§ Task goal
Return the listing verbatim, images left out.

*** Information supplied

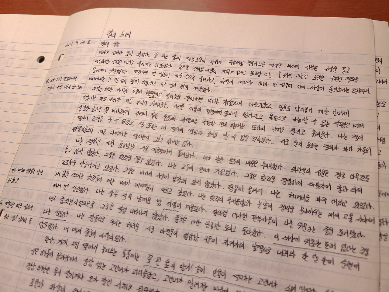 완독 후 반년이 흘렀다. 나는 내 글쓰기 실력에 아쉬움을 느끼고 있었다. 그때, 문득 필사가 떠올랐다. 글쓰기 실력을 향상시키는 비법으로 필사는 늘 손꼽힌다. 필사는 지극히 고전적이고 아날로그한 훈련이다. 필사로 득을 본 프로 작가들이 동서고금을 막론하고 있다. 그들은 모두 종이에 펜이나 연필로 한 작품을 처음부터 끝까지 받아 적었다. 예나 지금이나 마찬가지이다. 첨단 전자기기로 가득한 요즘 세상에도 손으로 쓰는 필사는 그 명맥을 유지하고 있다. 나는 그 이유가 분명 있을 것이라고 생각했다. 마침 유명 저술가들도 칼의 노래의 필사를 권유했다. 나는 공책을 꺼내서 칼의 노래를 필사하기 시작했다.
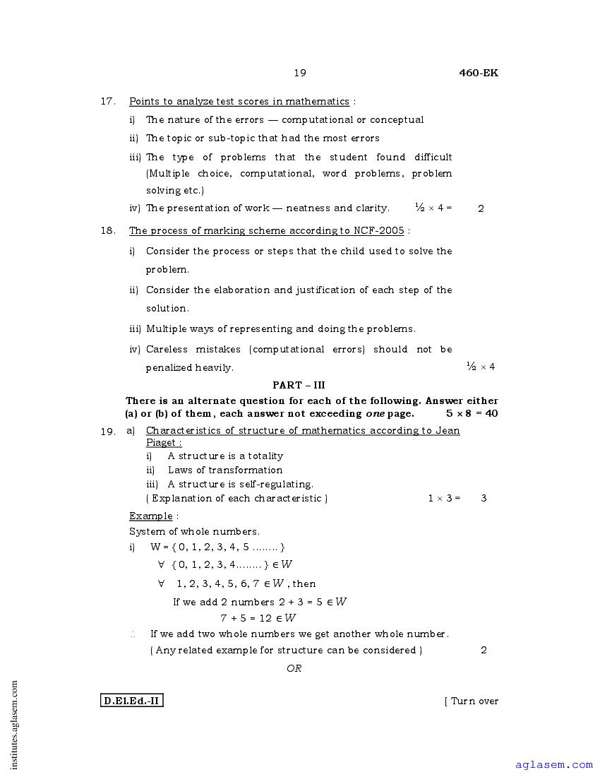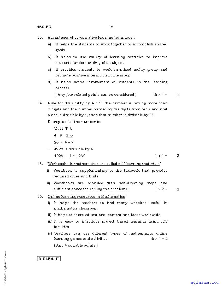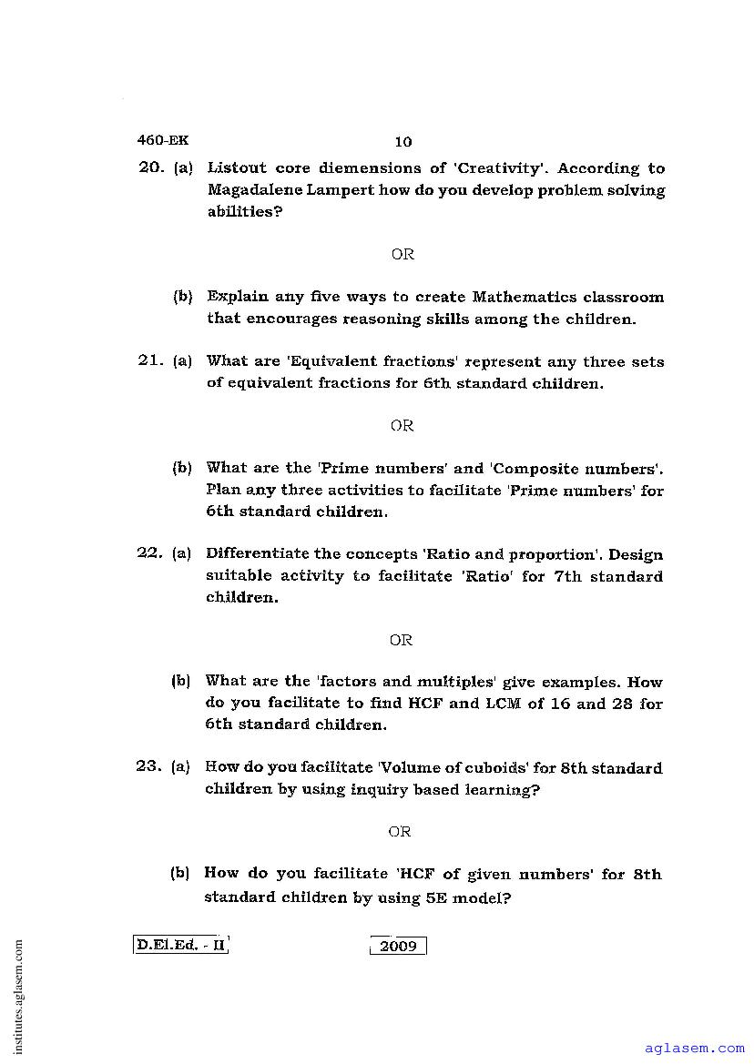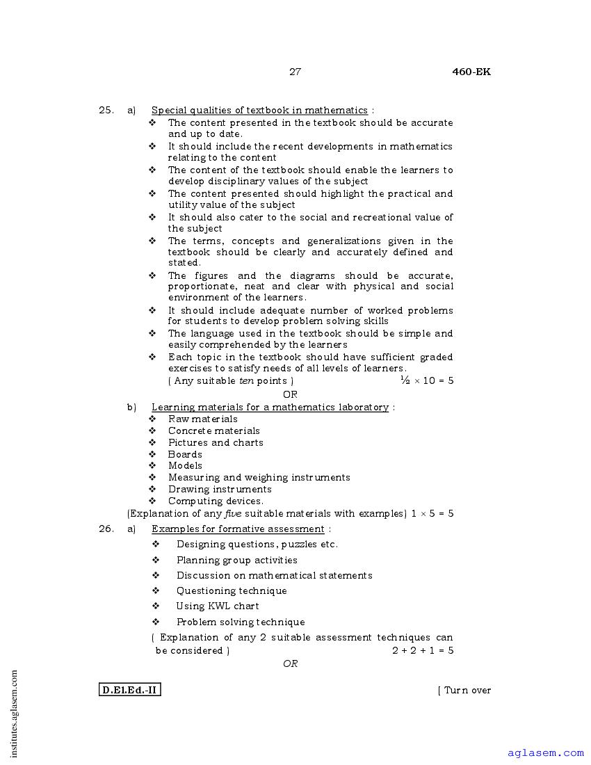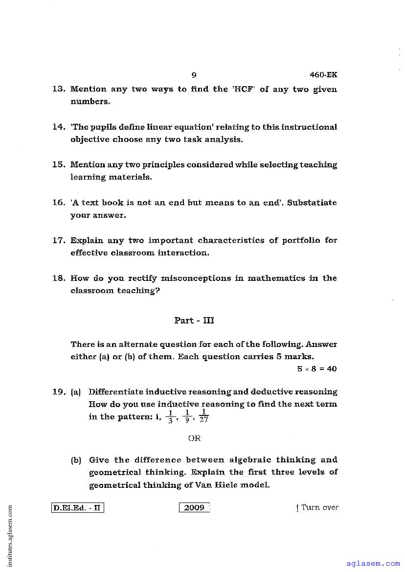 - Karnataka D.El.Ed 2nd year Question Paper Maths
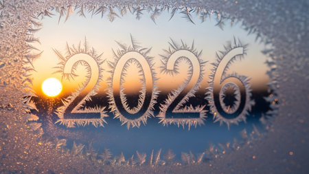 Frosted window with 2026 numbers reveals a sunrise and winter landscape. Clear details and vibran...
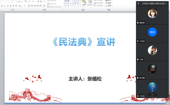 随后,张植松又按照双周政治理论学习安排,领学了宪法、以及《中华人民共和国民法典》中物权篇的主要内容。

******

§ Output of the task
 완독 후 반년이 흘렀다. 나는 내 글쓰기 실력에 아쉬움을 느끼고 있었다. 그때, 문득 필사가 떠올랐다. 글쓰기 실력을 향상시키는 비법으로 필사는 늘 손꼽힌다. 필사는 지극히 고전적이고 아날로그한 훈련이다. 필사로 득을 본 프로 작가들이 동서고금을 막론하고 있다. 그들은 모두 종이에 펜이나 연필로 한 작품을 처음부터 끝까지 받아 적었다. 예나 지금이나 마찬가지이다. 첨단 전자기기로 가득한 요즘 세상에도 손으로 쓰는 필사는 그 명맥을 유지하고 있다. 나는 그 이유가 분명 있을 것이라고 생각했다. 마침 유명 저술가들도 칼의 노래의 필사를 권유했다. 나는 공책을 꺼내서 칼의 노래를 필사하기 시작했다.
 - Karnataka D.El.Ed 2nd year Question Paper Maths
 Frosted window with 2026 numbers reveals a sunrise and winter landscape. Clear details and vibran...
 随后,张植松又按照双周政治理论学习安排,领学了宪法、以及《中华人民共和国民法典》中物权篇的主要内容。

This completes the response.